In one modality, a polling service methodwhich uses the PPAT 200 is described herein. SuchProbe service method can generally comprise theplacement of a probe service apparatus 100 thatcomprises the PPAT 200 within a 114 sounding, make afirst application of pressure to the probe service apparatus 100, allowing the first application of pressure to thepolling service apparatus! 100 decrease, make asecond application of pressure to the service apparatus of100 probe, allow the second application of pressure toProbe service apparatus 100 is decreased, and communicatea fluid to bore 114, to underground reservoir 102, orboth by means of the PPAT 200. In one modality, the mouth ofaxial flow 230 will remain isolated from the bore 114 and / or theunderground reservoir 102 until the pressure inside thePPAT 200 falls below the lower threshold.
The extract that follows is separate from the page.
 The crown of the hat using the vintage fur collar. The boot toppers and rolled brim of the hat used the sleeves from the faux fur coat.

Returning now to Figure 1, in one modality,the polling service method includes placing or "poking"a string of drill pipe 150 inside the borehole114. The drill pipe string 150 may comprisea polling service apparatus 100, for example, the apparatusof the polling service 100 can be integrated into thedrill pipe string 150. As such, the apparatus of theiProbing service 100 and drill string 150 comprise a common axial flow nozzle. In this way, a fluid introduced into the drill string 150 will communicate with the probe service apparatus 1.
As described above, the probe service apparatus 100 may comprise one or more manipulable service tools 160, one or more filters 170, the floating shoe 180, and [the PPAT 200. As such, the positioning of the Probing service 100 may comprise the placement of the PPAT 200. As will be appreciated by those of skill in the art, drill string 150, the probe service apparatus100, or both can be configured such that, when placed in the bore 114, at least one or more manipulable service tools 160, one or more filters 170, the floating shoe 180, and / or the PPAT 200 will be placed at a certain or desirable depth within the sounding 114.
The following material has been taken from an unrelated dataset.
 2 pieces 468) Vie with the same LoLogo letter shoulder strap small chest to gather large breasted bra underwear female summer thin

The >tool Manipulable service 160 may generally comprise a device or apparatus that is configured to be operable independently of the manner in which the fluid is emitted therefrom. Such a manipulable service tool 160 can be manipulated or operated by a variety of means. In one embodiment, a manipulable service tool 160 may be actuated by the insertion of a sealing member (e.g., a ball or dart) into the axial flow mouth of the drill string 150 and circulation through the axial flow mouth so that the sealing member engages a seat within the manipulable service tool 160. With the coupling of the seat, the pressure applied against the obturation member can drive or manipulate the manipulable service tool 160, so thatthat one or more ports are opened or closed in the serviceable service tool 160 and the serviceable service tool 160 is configured for a particular service operation. Once the manipulable service tool 160 is actuated to perform a determined probing service operation, the fluids can be communicated from the inside, the axial flow port of the serviceable service tool 160 to the borehole 114, the underground reservoir 102. , or both. Such a manipulable service tool 160 may be used, for example, in drilling, hydraulic injection, acidification, insulation, laydown or fracturing operations. A non-limiting discussion of manipulable fracturing tools that can be used appropriately can be found in the US Application Serial No.12/358, 079, which is incorporated herein by reference in its entirety. Such manipulable service tools are co-commercially available from Halliburton Energy Services in Duncan, Oklahoma as Delta Stim® Sleeves.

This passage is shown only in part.